Consequently the chemical industry regarded the discovery of these phenoxy herbicides as the greatest single advance in the science of weed control and one of the most significant in agriculture. In 1947 researchers discovered that 2,4,5-T and 2,4-D affected broad-leaved plants but left cereal crops alone. The chemical industry started its first green revolution.

"After the war," wrote Thomas Whiteside, "many of the herbicidal materials that had been developed and tested for biological-warfare use were marketed for civilian purposes and used by farmers and homeowners for killing weeds and controlling brush."

The herbicides that became the most popular and widely used were the most powerful - 2,4,5-T and 2,4-D. Their sale was swiftly sanctioned by the relevant authorities. Although the US was the largest market for these phenoxy herbicides they were sold all over the planet. They were used as weed killers but they were also used to defoliate railway embankments, on awkward hedgerows to remove hardy brushwoods, and to control weeds particularly on cereal monocultures. Local authorities, railway and electricity companies, farmers and gardeners all used the various phenoxy herbicides to destroy unwanted vegetation. Between 1945 and 1963, the production of herbicides in the US rose from 917,000 to 150 million pounds. This total virtually trebled after 1963 with the use of these herbicides in Vietnam.

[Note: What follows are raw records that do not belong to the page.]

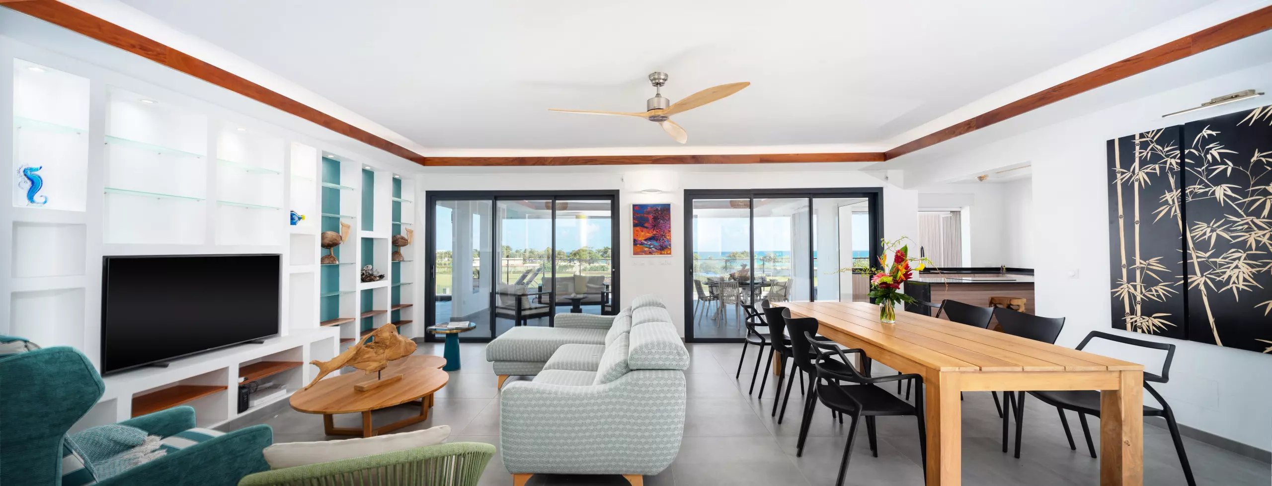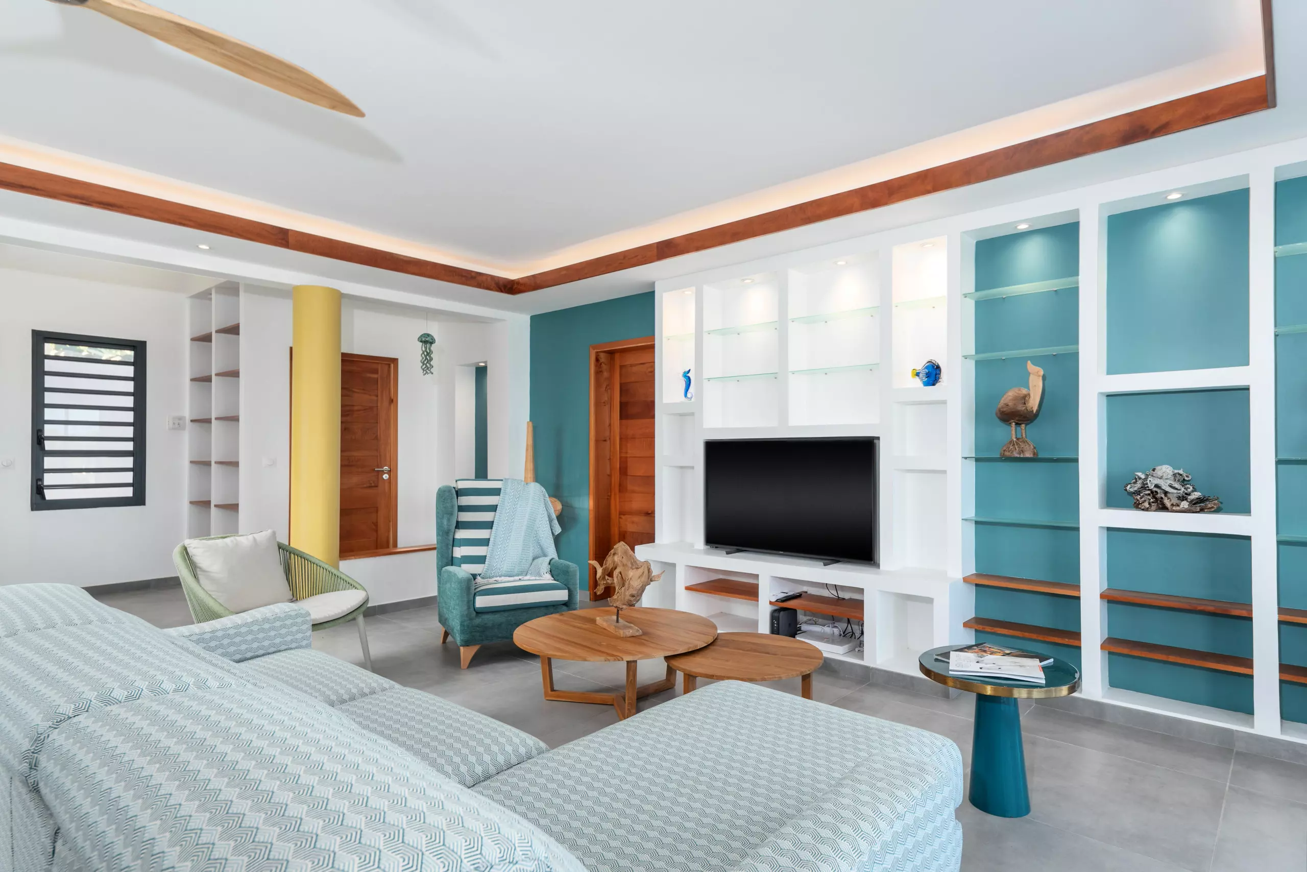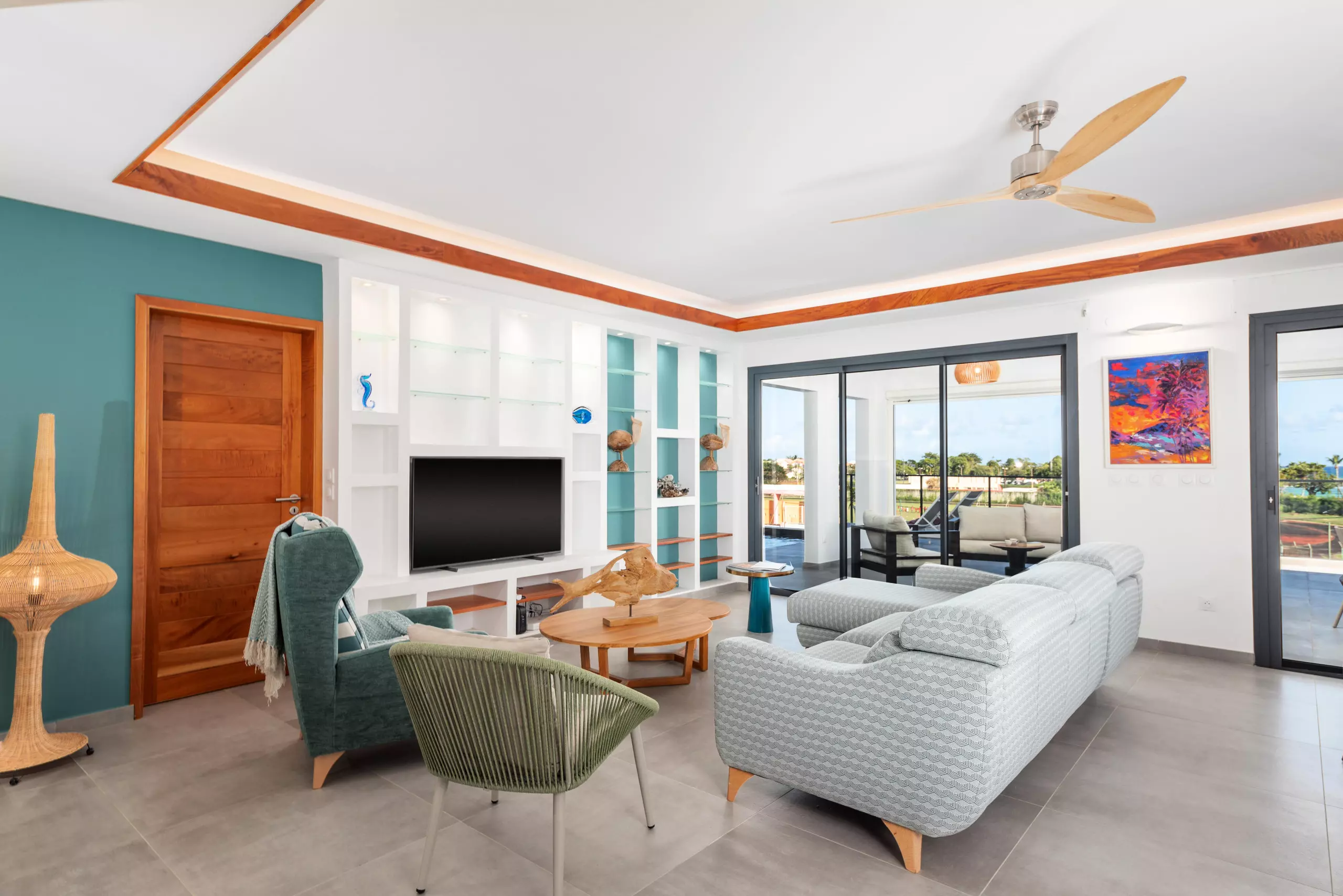 Un confortable salon avec vue sur mer
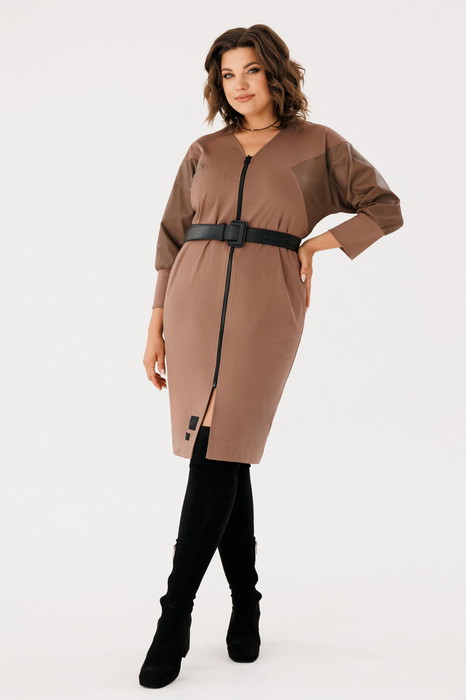 Платье полуприлегающего силуэта, вырез горловины V – образный, рукав цельнокроеный спущенный со вставками из кожи и на манжете внизу. По спинке кокетка, в боковых швах функциональные карманы. Застежка на тесьму-молнию. В комплекте ремень из экокожи.
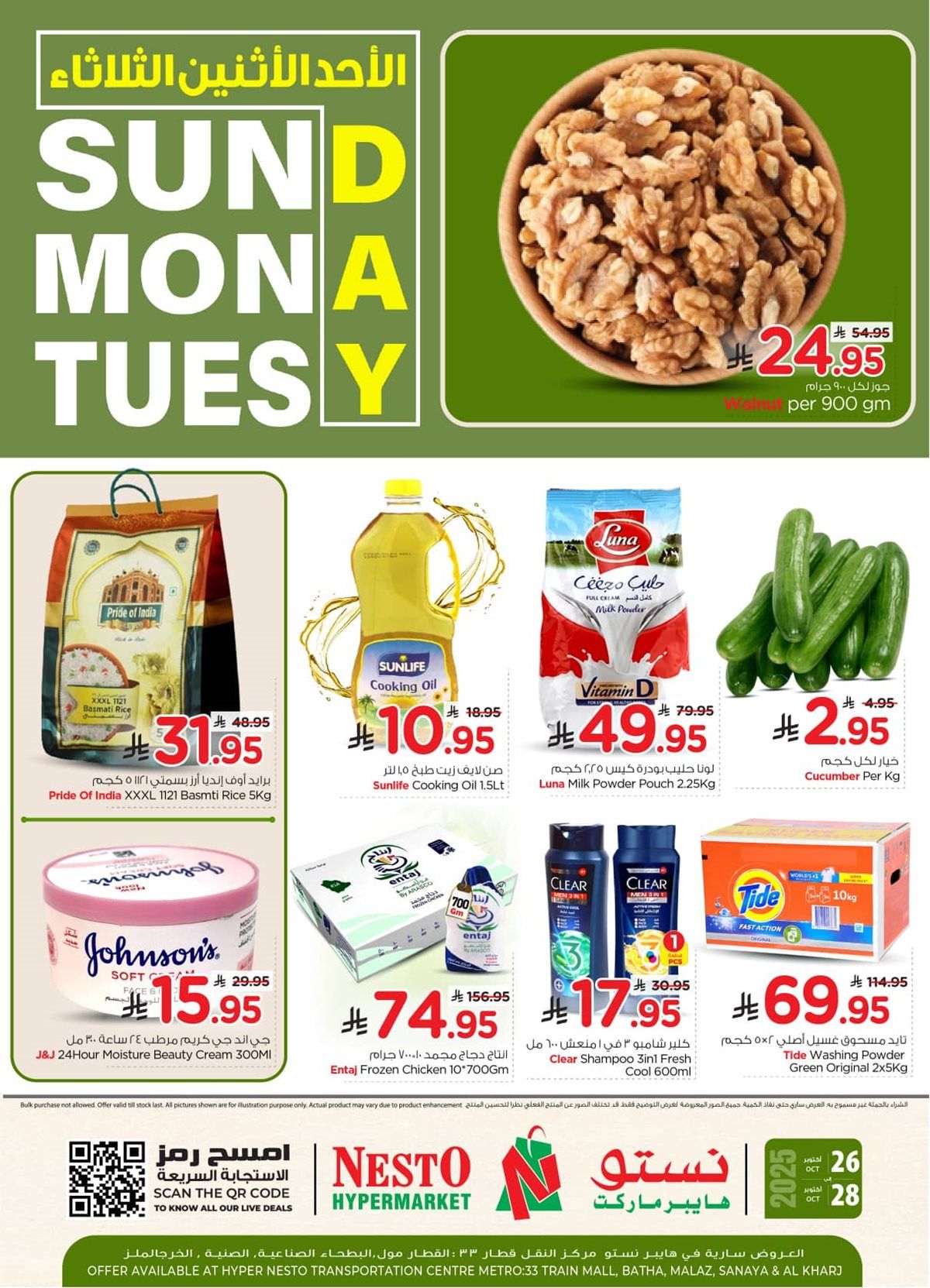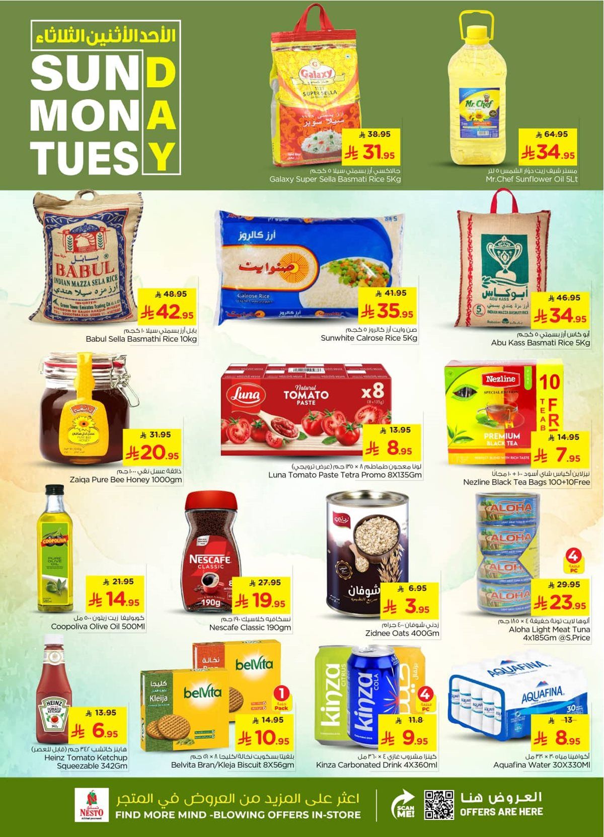 نقدم لكم احدث عروض نستو الرياض الأحد 26 اكتوبر 2025 و بتوفر تشكيلة من المنتجات الغذائية من الأرز و الزيوت النباتية والعسل الطبيعي كما تشمل معجون الطماطم وأكياس الشاي بالإضافة إلى منتجات الشوفان والقهوة السريعة والكوكيز والمشروبات الغازية والمياه المعبأة و اللحوم و الخضروات باقل الاسعار

The spraying began in January 1962. Six chemical mixtures were used. The military named them Orange (2,4-D, 2,4,5-T); White (2,4-D, picloram); Blue (cacodylic acid); Purple (2,4-D, 2,4,5-T); Pink (2,4,5-T) and Green (2,4,5-T). Purple, Pink and Green were used to defoliate mangrove and jungle areas from 1962 to 1965 when they were replaced by Orange and White. Blue was used from 1962 to 1971 to destroy the stable crops of Vietnam - beans, manioc, corn, bananas, tomato and rice.

Agent Orange comprised of almost two-thirds of the herbicides sprayed. It was used primarily to defoliate but it was also sprayed on broad-leaved crops. The spraying was done from the air by C-123 planes fitted with 1000 gallon tanks in what became known as Operation Ranch Hand. Approximately 20,000 missions were flown. A small quantity was hand sprayed around camps, waterways and paths. Between July 1965 and June 1970 11.25 million gallons of Agent Orange were sprayed in Indochina.